A condo in Vegas or a lake house are very different environments. If I had to pick one over the other, for many years I’d lean to Vegas. Now I’d say I clearly lean toward the lake house lifestyle. It’s much healthier and much more real. I will say though, that even leaning towards a lake house, the anonymity one can assume in Vegas sounds mighty enchanting. My whole life, I liked being in a place loaded with perfect strangers, all friendly, willing to chat, but really not at all interested in who I am. I need close people now. I can’t go it alone.
I absolutely love hanging out at airports. For me, there is almost nothing better than having a drink at an airport bar, listening to conversations, watching people, trying guess to where they are going and why. It’s not that I am thrilled with travel, but I am thrilled with the anticipation of travel. Actually with many things, the anticipation is better than the actual thing.
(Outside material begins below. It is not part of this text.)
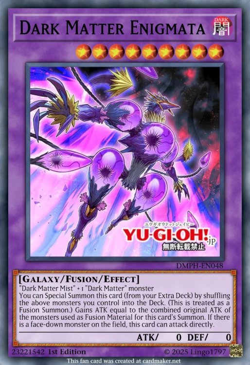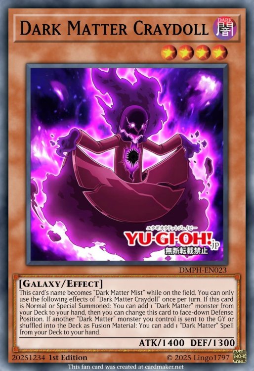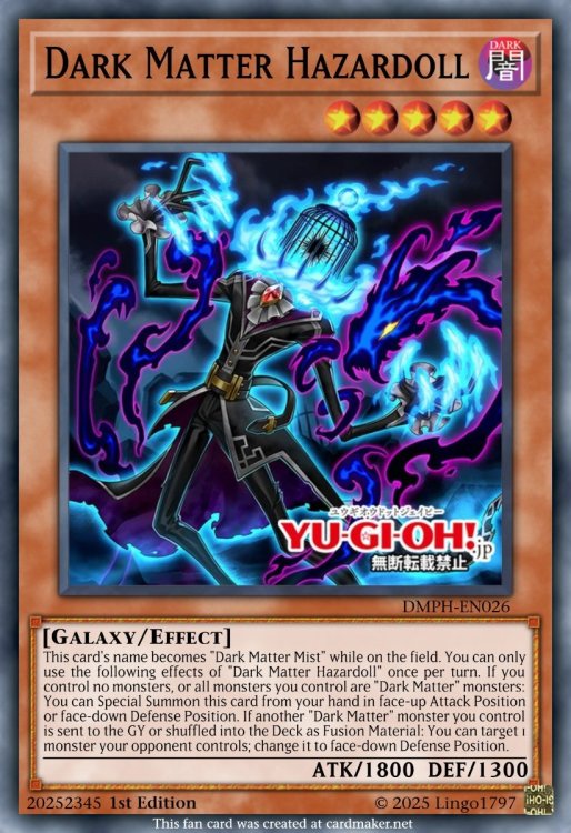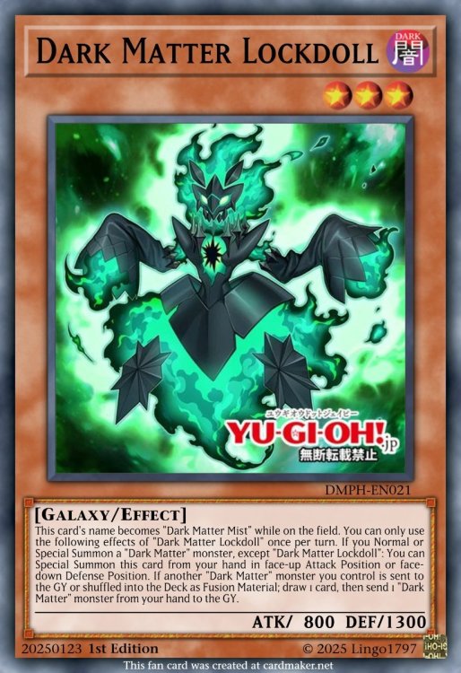I'm on a little personal mission to TCG-ify Rush decks that I find interesting. I made a bunch on Duelingbook, but the site's servers are really in decline at the moment. Here's my take on a few of the Dark Matter monsters from Go Rush. More to come as this is very much WIP. Dark Matter Hazardoll Galaxy/DARK/Level 5/ATK 1800/DEF 1300 This card's name becomes "Dark Matter Mist" while on the field. You can only use the following effects of "Dark Matter Hazardoll" once per turn. If you control no monsters, or all monsters you control are "Dark Matter" monsters: You can Special Summon this card from your hand in face-up Attack Position or face-down Defense Position. If another "Dark Matter" monster you control is sent to the GY or shuffled into the Deck as Fusion Material: You can target 1 monster your opponent controls; change it to face-down Defense Position. Dark Matter Craydoll Galaxy/DARK/Level 4/ATK 1400/DEF 1300 This card's name becomes "Dark Matter Mist" while on the field. You can only use the following effects of "Dark Matter Craydoll" once per turn. If this card is Normal or Special Summoned: You can add 1 "Dark Matter" monster from your Deck to your hand, then you can change this card to face-down Defense Position. If another "Dark Matter" monster you control is sent to the GY or shuffled into the Deck as Fusion Material: You can add 1 "Dark Matter" Spell from your Deck to your hand. Dark Matter Lockdoll Galaxy/DARK/Level 3/ATK 800/DEF 1300 This card's name becomes "Dark Matter Mist" while on the field. You can only use the following effects of "Dark Matter Lockdoll" once per turn. If you Normal or Special Summon a "Dark Matter" monster, except "Dark Matter Lockdoll": You can Special Summon this card from your hand in face-up Attack Position or face-down Defense Position, If another "Dark Matter" monster you control is sent to the GY or shuffled into the Deck as Fusion Material; draw 1 card, then send 1 "Dark Matter" monster from your hand to the GY. Dark Matter Enigmata Galaxy/Fusion/DARK/Level 9/ATK 0/DEF 0 "Dark Matter Mist" + 1 "Dark Matter" monster You can Special Summon this card (from your Extra Deck) by shuffling the above monsters you control into the Deck. (This is treated as a Fusion Summon.) Gains ATK equal to the combined original ATK of the monsters used as Fusion Material for this card's Summon. If there is a face-down monster on the field, this card can attack directly.2 points

Life or Something Like It is about two opposites merging. Balancing their differences and finding happiness along the way while maintaining their individuality and quirks. That’s my goal. That’s me. I’d love to dye my hair green or blue or purple. I hate work clothes. I’m not good at self-promotion. Unfortunately these things are incompatible with my work world. Leslie, bless her, supports and encourages my individuality. I want to ride my bike and wear absurd clothes. I want to be respected for my opinions. I want to be feared. I want to be liked. I want material things, material things that really mean nothing. I also want to sit on the edge of the Grand Canyon every year to take in, what for me, is the most beautiful place on earth. I want to blend in to the environment but I also want to be recognized when I am having a tea and walking my pup.
Crazy right?

Balance seems to be the key to a successful life. But how do we balance love, trust, humility, ego, honor, respect, and individuality? That’s a lot of different shit. Maybe they don’t all go together. Can I drive a pimp daddy gas guzzling sedan while also being keenly aware of how much toxic shit is floating around in our air?
And this brings me back to message of Life or Something Like It. Lanie and Pete are looking for balance. They are who they are. While they want more, they also want exactly what they have. Lanie is faced with her own mortality and in quick fashion tries to figure these things out. Pete and Lanie adjust. Turns out perhaps you can get satisfaction.

Maybe, though, everything I just wrote is utter bullshit and I simply like the movie because Angelina Jolie is the star. Hard to say.